### What you have to do
Check the listing below line by line and report how many lines hold "their", with no other words.

Entries provided below:

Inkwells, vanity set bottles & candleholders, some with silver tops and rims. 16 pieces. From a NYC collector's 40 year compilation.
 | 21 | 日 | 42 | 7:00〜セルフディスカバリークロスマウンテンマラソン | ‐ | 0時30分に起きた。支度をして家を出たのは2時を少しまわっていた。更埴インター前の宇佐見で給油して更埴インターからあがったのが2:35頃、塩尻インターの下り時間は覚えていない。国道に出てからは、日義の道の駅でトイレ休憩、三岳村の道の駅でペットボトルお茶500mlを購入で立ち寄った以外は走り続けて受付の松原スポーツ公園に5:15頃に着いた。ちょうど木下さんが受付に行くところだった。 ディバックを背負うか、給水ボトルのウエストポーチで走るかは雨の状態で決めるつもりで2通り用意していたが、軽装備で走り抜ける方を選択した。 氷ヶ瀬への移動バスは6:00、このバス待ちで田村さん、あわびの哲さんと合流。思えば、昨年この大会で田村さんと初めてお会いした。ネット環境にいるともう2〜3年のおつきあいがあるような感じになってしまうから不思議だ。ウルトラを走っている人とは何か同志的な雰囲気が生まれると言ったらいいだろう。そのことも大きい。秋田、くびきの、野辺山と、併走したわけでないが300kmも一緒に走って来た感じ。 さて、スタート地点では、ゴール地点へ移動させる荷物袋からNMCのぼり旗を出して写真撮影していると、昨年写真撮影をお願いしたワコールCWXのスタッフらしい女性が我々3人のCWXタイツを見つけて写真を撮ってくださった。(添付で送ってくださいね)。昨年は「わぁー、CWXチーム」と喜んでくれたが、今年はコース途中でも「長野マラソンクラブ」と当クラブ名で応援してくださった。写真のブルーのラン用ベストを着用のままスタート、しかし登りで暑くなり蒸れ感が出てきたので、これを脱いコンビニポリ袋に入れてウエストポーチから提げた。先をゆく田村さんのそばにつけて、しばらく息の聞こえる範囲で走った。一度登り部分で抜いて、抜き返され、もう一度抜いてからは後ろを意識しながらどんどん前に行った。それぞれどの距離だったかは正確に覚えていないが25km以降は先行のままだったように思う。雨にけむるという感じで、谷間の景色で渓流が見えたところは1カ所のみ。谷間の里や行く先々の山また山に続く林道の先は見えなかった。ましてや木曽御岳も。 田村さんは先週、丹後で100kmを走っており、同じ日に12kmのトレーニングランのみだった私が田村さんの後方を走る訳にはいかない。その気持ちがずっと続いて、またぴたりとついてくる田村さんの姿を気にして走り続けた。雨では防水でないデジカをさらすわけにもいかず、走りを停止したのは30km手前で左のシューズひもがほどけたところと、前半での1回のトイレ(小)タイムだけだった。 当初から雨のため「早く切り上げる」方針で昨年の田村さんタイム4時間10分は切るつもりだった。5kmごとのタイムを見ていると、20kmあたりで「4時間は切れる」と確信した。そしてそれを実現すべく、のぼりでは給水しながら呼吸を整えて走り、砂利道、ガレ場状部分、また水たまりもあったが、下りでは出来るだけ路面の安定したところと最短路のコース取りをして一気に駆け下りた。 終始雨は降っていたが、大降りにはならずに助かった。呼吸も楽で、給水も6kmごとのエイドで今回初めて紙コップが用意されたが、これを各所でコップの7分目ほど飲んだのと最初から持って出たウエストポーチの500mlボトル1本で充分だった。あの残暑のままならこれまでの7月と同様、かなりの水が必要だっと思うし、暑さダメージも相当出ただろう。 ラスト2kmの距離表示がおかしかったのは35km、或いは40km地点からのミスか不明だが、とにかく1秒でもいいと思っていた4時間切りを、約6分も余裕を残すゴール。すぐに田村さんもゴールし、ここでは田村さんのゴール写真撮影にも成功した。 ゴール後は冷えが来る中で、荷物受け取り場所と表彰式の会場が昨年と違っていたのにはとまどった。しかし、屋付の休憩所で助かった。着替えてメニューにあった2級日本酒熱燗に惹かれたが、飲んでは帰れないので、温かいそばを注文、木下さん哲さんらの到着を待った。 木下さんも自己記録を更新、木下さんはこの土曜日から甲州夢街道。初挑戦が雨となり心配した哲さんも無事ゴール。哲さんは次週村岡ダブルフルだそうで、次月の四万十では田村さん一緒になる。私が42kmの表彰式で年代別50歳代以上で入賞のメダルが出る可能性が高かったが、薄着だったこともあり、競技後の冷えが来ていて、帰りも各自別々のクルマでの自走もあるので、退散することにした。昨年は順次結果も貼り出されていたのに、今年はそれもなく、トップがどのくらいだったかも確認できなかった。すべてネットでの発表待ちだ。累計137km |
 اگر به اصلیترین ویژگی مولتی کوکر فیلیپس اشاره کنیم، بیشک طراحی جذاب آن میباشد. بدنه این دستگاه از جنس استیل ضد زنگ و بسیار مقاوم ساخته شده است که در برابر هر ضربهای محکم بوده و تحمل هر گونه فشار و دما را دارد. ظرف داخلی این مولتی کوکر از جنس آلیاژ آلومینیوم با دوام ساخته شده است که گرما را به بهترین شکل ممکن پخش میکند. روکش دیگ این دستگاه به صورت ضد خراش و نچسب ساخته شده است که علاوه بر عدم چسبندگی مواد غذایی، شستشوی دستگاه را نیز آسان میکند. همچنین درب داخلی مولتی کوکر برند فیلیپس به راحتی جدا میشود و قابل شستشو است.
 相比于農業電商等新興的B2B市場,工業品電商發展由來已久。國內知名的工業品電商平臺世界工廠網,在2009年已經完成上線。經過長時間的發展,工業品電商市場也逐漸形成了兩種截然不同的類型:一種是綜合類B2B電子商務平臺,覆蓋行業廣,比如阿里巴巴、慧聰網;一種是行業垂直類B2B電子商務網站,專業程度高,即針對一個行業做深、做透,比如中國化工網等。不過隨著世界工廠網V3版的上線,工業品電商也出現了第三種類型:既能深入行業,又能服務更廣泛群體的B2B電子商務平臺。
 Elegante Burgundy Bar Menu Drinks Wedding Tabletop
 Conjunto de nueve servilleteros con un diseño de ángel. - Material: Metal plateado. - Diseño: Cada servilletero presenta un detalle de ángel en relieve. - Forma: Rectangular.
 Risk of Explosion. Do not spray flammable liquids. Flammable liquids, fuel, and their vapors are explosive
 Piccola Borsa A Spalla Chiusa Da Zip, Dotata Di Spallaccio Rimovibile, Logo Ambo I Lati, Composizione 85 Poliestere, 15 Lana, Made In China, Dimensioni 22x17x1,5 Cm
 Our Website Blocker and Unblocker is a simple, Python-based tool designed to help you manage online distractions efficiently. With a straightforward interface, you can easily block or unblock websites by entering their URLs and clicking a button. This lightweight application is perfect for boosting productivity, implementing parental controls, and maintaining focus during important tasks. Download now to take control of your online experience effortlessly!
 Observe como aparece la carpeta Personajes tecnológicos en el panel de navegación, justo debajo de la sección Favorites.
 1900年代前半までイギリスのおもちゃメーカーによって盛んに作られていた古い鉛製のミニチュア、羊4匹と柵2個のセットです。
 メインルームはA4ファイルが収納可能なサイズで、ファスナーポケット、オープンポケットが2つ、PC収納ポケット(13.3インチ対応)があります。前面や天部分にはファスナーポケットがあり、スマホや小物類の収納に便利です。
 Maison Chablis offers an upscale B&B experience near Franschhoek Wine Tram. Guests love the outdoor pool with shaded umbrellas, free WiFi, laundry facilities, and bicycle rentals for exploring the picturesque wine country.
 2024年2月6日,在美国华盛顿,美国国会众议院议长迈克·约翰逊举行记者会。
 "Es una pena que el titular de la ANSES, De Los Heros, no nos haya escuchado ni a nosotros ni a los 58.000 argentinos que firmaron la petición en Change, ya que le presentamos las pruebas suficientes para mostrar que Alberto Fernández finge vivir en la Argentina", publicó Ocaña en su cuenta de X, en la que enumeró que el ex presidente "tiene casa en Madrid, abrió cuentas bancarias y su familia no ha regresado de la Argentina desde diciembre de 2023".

End of Entries provided.

### Exercise response
2